▸ **Problem to solve**
The copy must run from the line containing "μήκος 40εκ.+προέκταση 70686" through the final line of the records, both included, exactly as written. It should contain no pictures.

▸ **Data in this exercise**
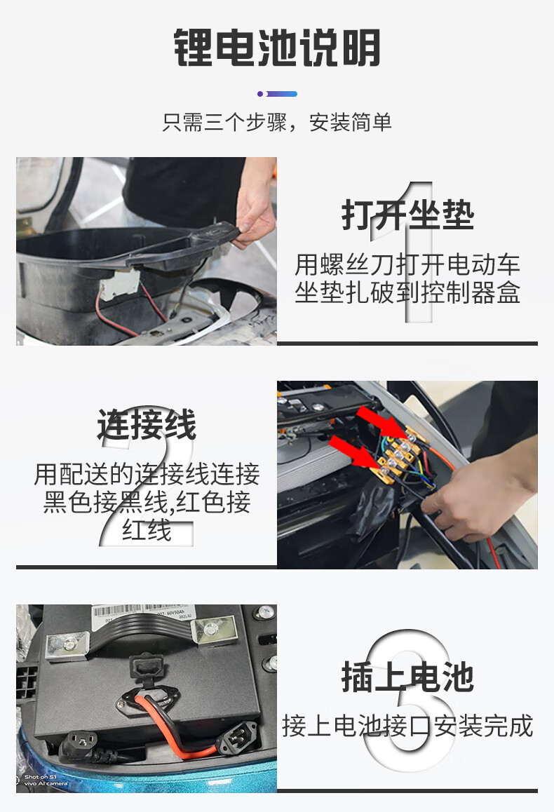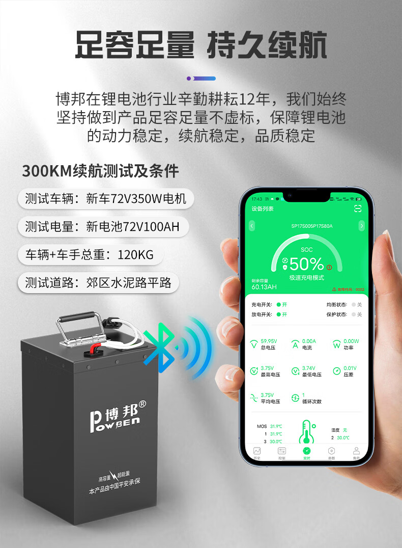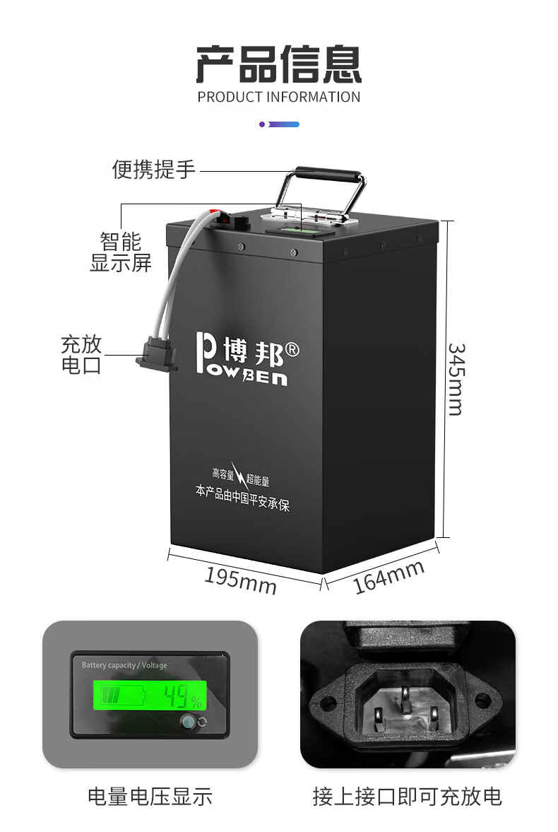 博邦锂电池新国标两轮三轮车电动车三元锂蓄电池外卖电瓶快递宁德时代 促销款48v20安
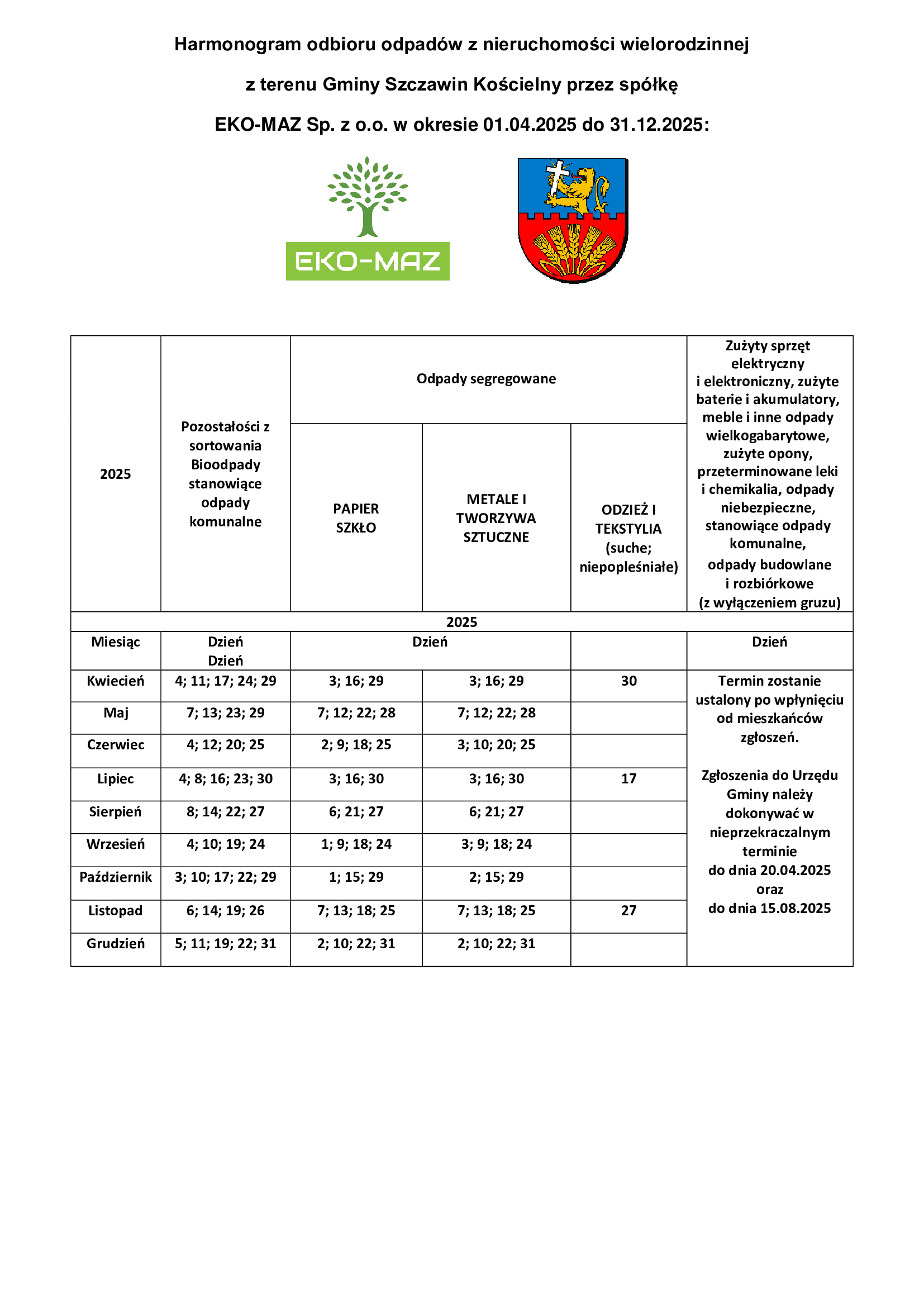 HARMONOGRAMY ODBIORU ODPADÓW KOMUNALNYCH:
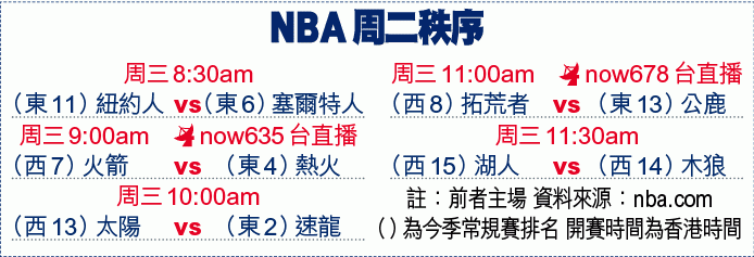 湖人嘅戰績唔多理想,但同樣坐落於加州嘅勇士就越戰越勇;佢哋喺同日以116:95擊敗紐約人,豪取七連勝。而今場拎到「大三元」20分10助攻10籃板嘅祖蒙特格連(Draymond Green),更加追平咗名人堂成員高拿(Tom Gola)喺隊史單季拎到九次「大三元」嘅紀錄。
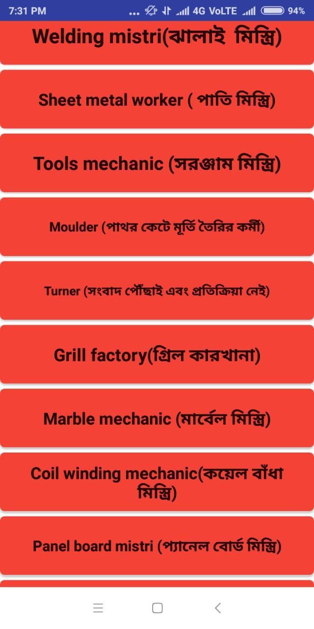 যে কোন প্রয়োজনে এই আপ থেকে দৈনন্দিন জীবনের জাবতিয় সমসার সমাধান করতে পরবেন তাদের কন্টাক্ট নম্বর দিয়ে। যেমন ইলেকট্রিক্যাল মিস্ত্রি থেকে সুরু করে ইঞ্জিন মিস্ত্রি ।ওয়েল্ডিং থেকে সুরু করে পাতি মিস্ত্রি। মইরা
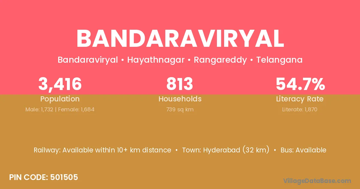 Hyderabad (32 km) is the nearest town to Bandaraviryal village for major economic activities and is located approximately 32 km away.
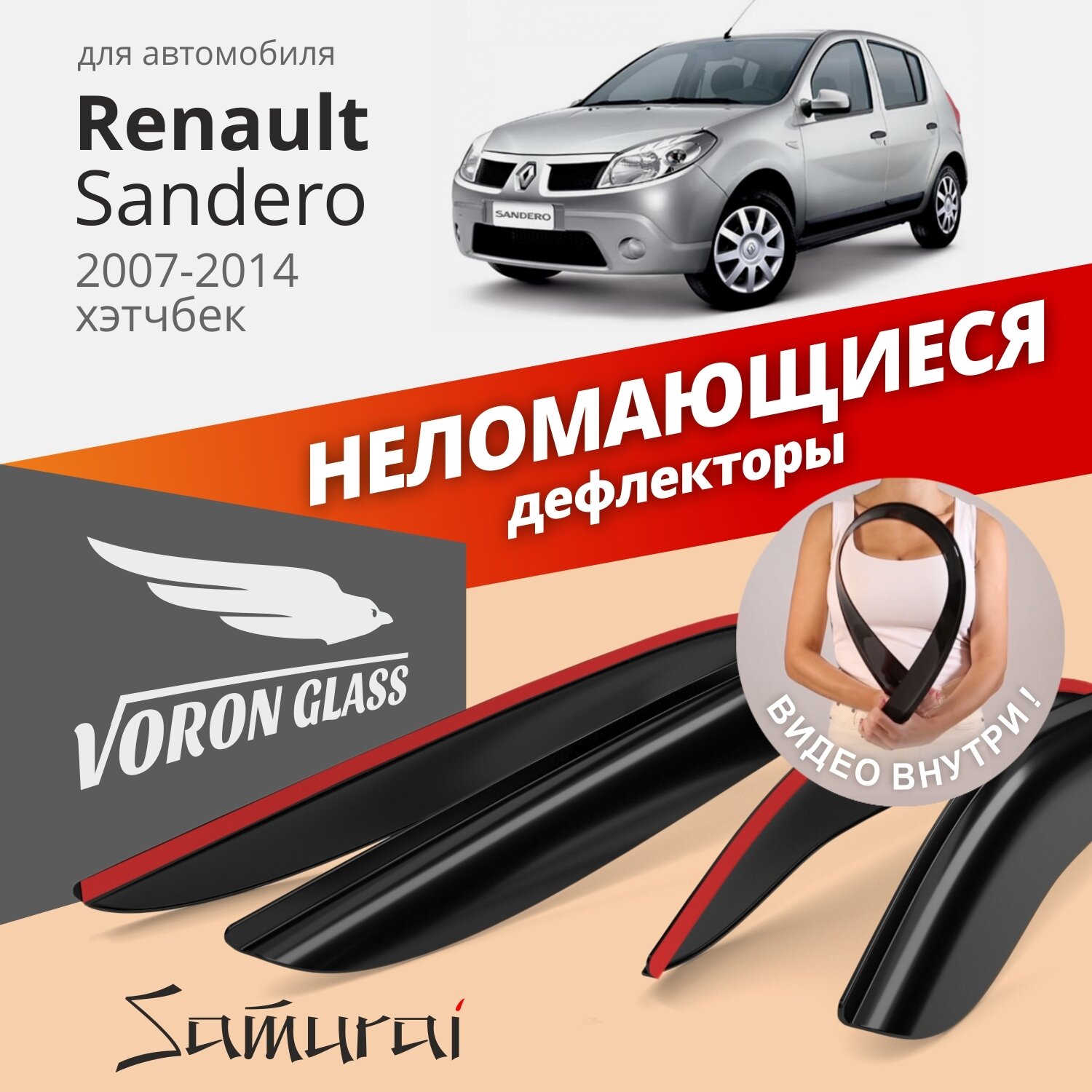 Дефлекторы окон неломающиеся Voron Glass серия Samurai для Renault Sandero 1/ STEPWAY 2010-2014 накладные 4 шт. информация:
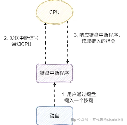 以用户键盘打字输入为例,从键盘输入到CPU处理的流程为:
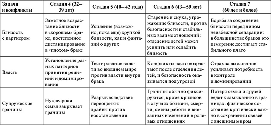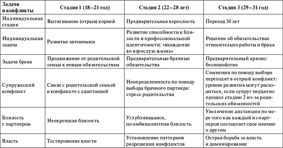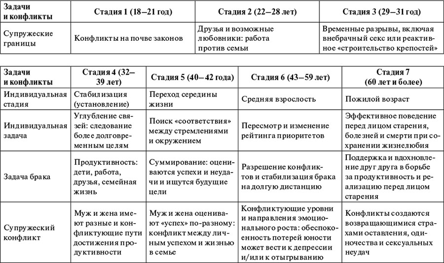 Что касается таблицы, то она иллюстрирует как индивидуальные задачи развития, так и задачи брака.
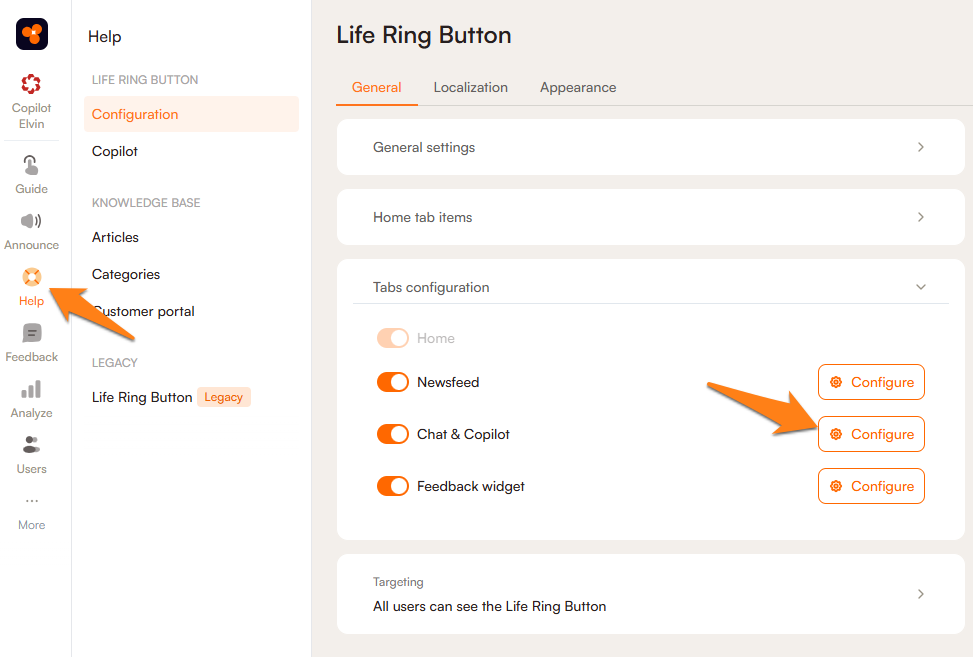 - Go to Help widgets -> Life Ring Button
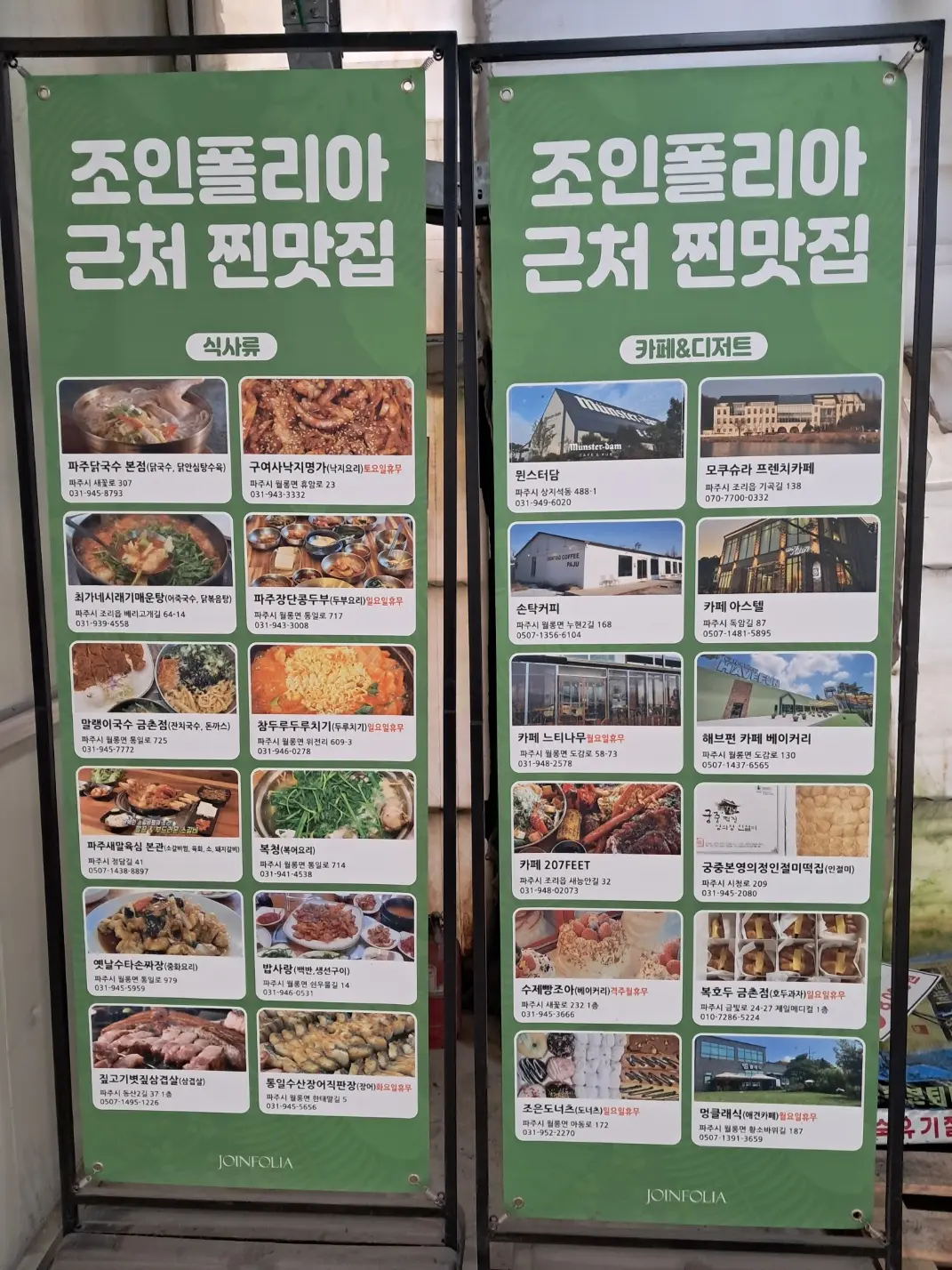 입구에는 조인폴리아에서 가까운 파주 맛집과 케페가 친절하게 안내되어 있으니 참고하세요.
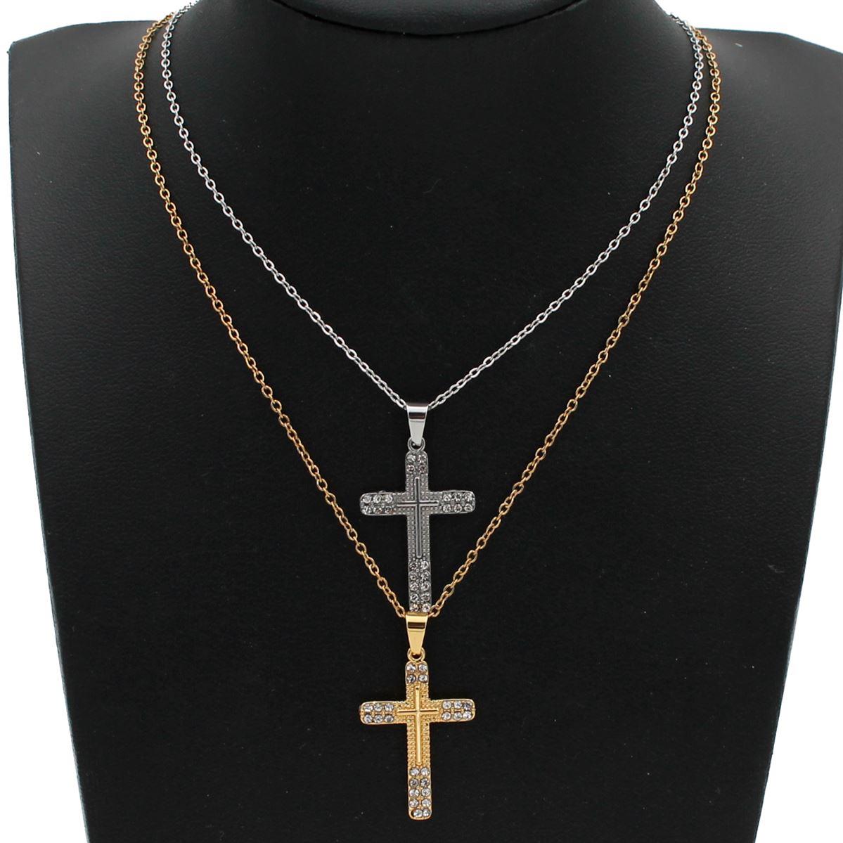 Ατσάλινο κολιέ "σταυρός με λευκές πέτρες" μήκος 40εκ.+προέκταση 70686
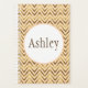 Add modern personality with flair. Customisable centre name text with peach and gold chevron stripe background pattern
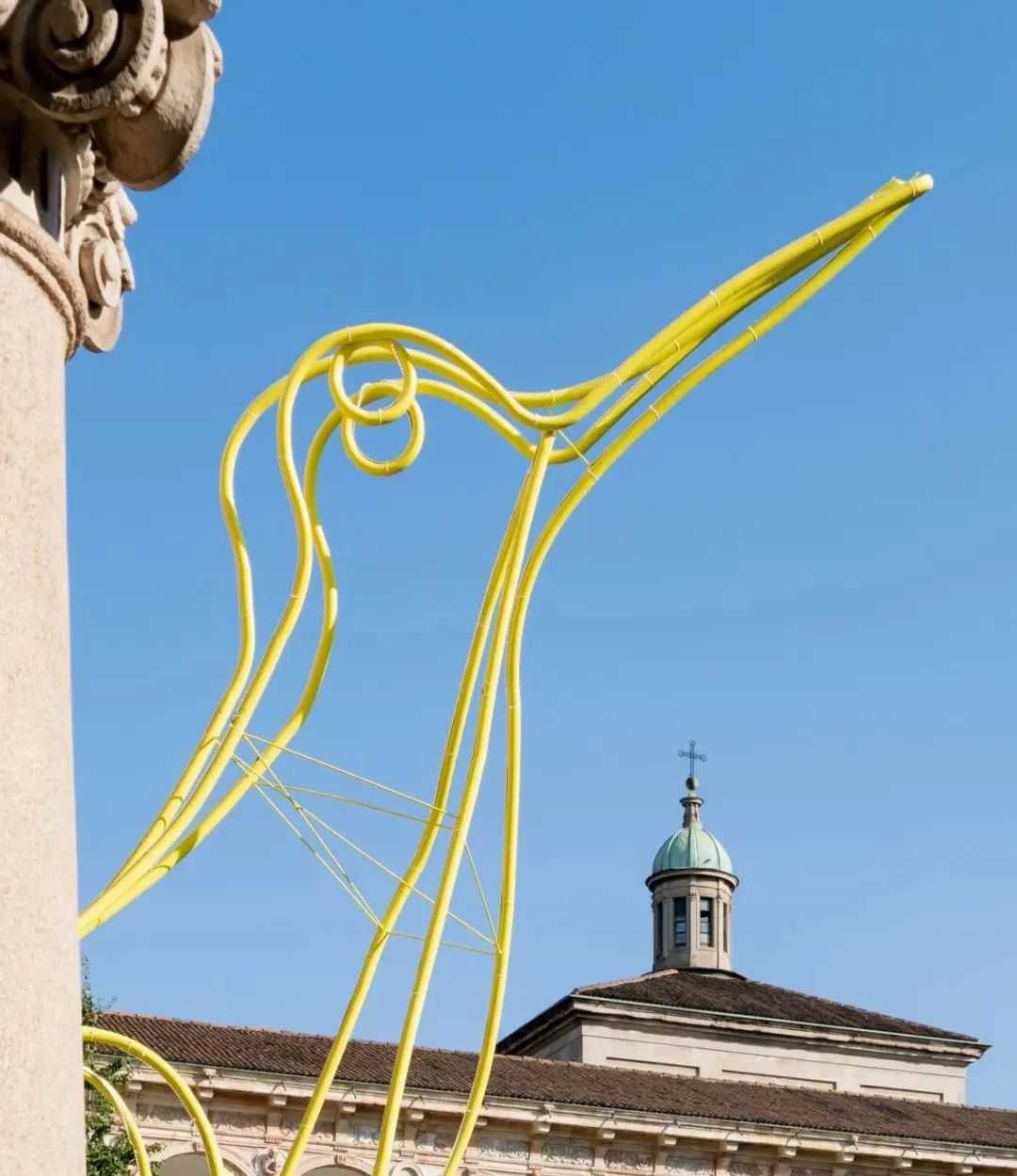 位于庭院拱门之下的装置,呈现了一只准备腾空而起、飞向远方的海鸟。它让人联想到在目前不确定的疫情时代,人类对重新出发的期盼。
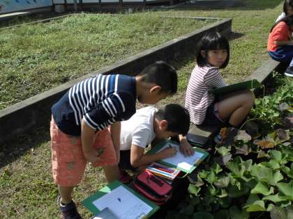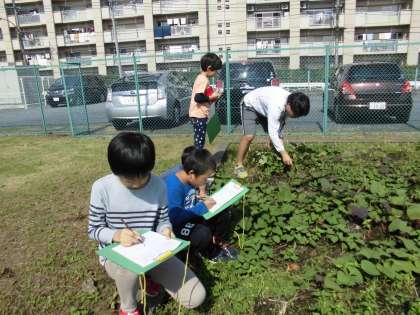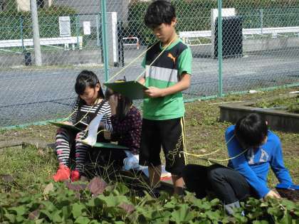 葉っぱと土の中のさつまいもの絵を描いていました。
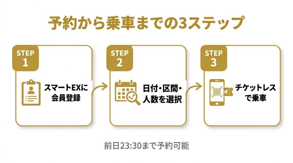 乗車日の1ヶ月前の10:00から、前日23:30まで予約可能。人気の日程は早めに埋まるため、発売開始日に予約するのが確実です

▸ **Solution to this problem**
 Ατσάλινο κολιέ "σταυρός με λευκές πέτρες" μήκος 40εκ.+προέκταση 70686
 Add modern personality with flair. Customisable centre name text with peach and gold chevron stripe background pattern
 位于庭院拱门之下的装置,呈现了一只准备腾空而起、飞向远方的海鸟。它让人联想到在目前不确定的疫情时代,人类对重新出发的期盼。
 葉っぱと土の中のさつまいもの絵を描いていました。
 乗車日の1ヶ月前の10:00から、前日23:30まで予約可能。人気の日程は早めに埋まるため、発売開始日に予約するのが確実です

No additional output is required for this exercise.